The Timberline is an exceptional value! I buy them for gifts for friends and family and have Datu Worden autograph the box as a keepsake. Everybody so far is thrilled. 

In the last quarter 2001 Timberline sold well over 4000 of these knives around the world. Stop and think about that for a minute how popular that must be and figure out the gross value of that many knives. The sales movement is exponential as the word gets out.

Enjoy Mao

Pappy Geo


----------



## arnisador (Jan 31, 2002)

> _Originally posted by Pappy Geo _
> *In the last quarter 2001 Timberline sold well over 4000 of these knives around the world.*



Wow! That's something. Is this the knife we're talking about or is it something newer?


----------



## Pappy Geo (Jan 31, 2002)

Arnisador


*Wow! That's something. Is this the knife we're talking about or is it something newer?* 

Right on! The Timberline Wortac. 

When you pick it up it feels like it was molded for your hand the fit and feel is good!

Pappy Geo


----------



## Mao (Feb 1, 2002)

Thanks for the input. I think I'll go to the Crawford website and see if I can find it. I don't think that using your knife to "skin" a fish is sacreligious. I like to be able to actually USE a knife that I am carrying.


----------



## Mao (Feb 5, 2002)

Well, I've ordered a few more wortacs. I may have to order more. I was teaching class tonight, some knife work, and one of the guys who bought one pulled it out. Next thing I know there's about 8 people gathered around asking where it came from, handling it, or fondling as my wife sais, and a few asked if I could get more. These people usually carry at least one blade with them. I might have to keep one more for myself, just because.   
     YEAH, BABY.........:samurai:


----------



## no fefe (Feb 5, 2002)

but I really really dig the Wortac more than other knives I have handled.  The combination of the shape of the handle and the gaurds make it feel really secure in my hand.  When I flip that baby open the weight makes feel just right and just flows beautifully.  
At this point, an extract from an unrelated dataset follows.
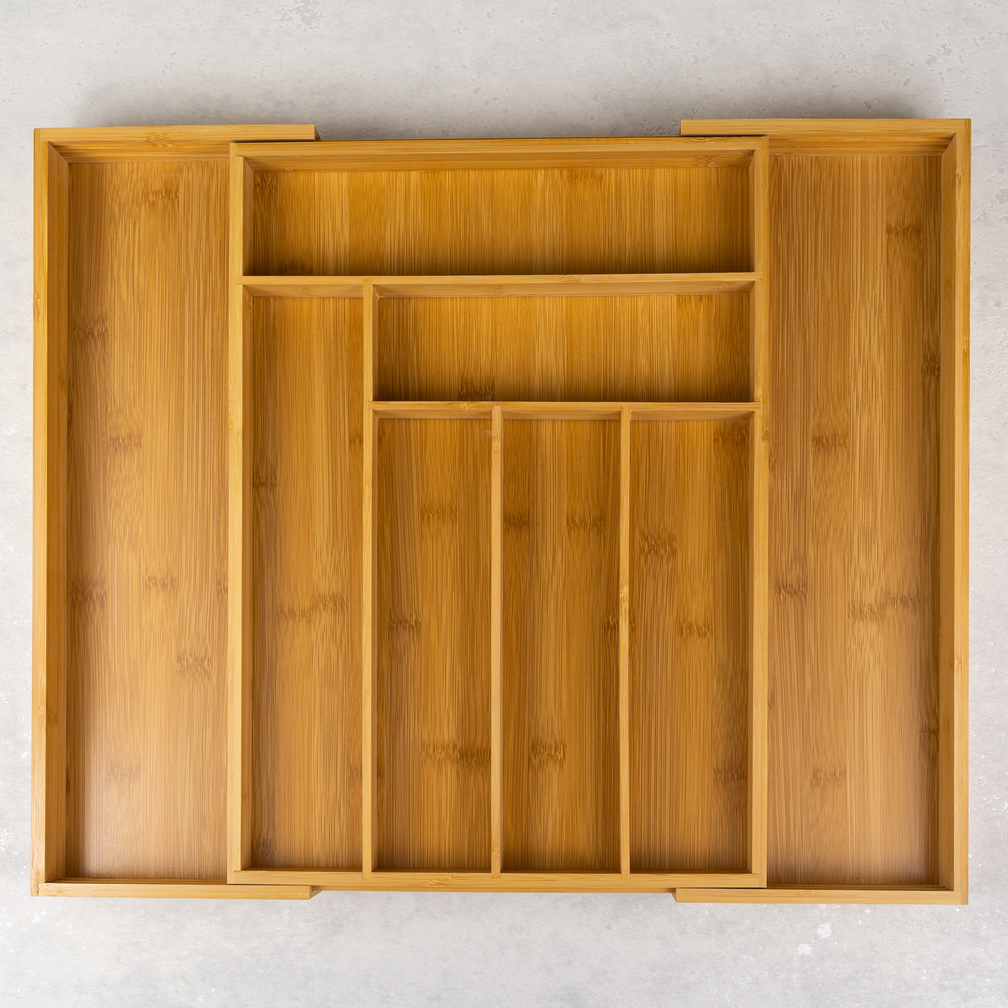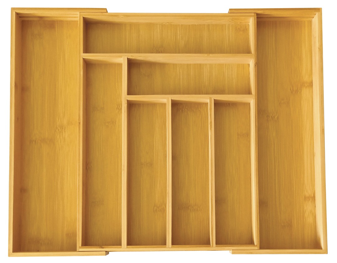 Funkcjonalny i estetyczny wkład na sztućce Kinghoff to idealne rozwiązanie do utrzymania porządku w kuchennej szufladzie. Wykonany w 100% z naturalnego bambusa, nie tylko wygląda elegancko, ale jest też trwały i odporny na wilgoć. Dzięki możliwości rozsuwania dopasujesz go do różnych rozmiarów szuflad, a aż 8 przegródek pomieści sztućce, przybory kuchenne i akcesoria codziennego użytku.

Anyway that is my opinion.  

I also want to get the Bud Nealy fixed blade as well.

Here is a link to a picture:
http://www.knifeart.com/wortacfighter.html


----------



## Don Rearic (Feb 8, 2002)

Hey Guys,

In case some of you need a pic of a Custom WORTAC made by Pat Crawford, here is mine. I don't recall placing it in here when I spoke about the WORTAC over a month ago.

Ain't she a beauty?

Because of the background I used, the swedge [unsharpened false edge up top] almost looks like it is serrated. It's not though, it's just an optical illusion of the steel and that particular background, just FYI.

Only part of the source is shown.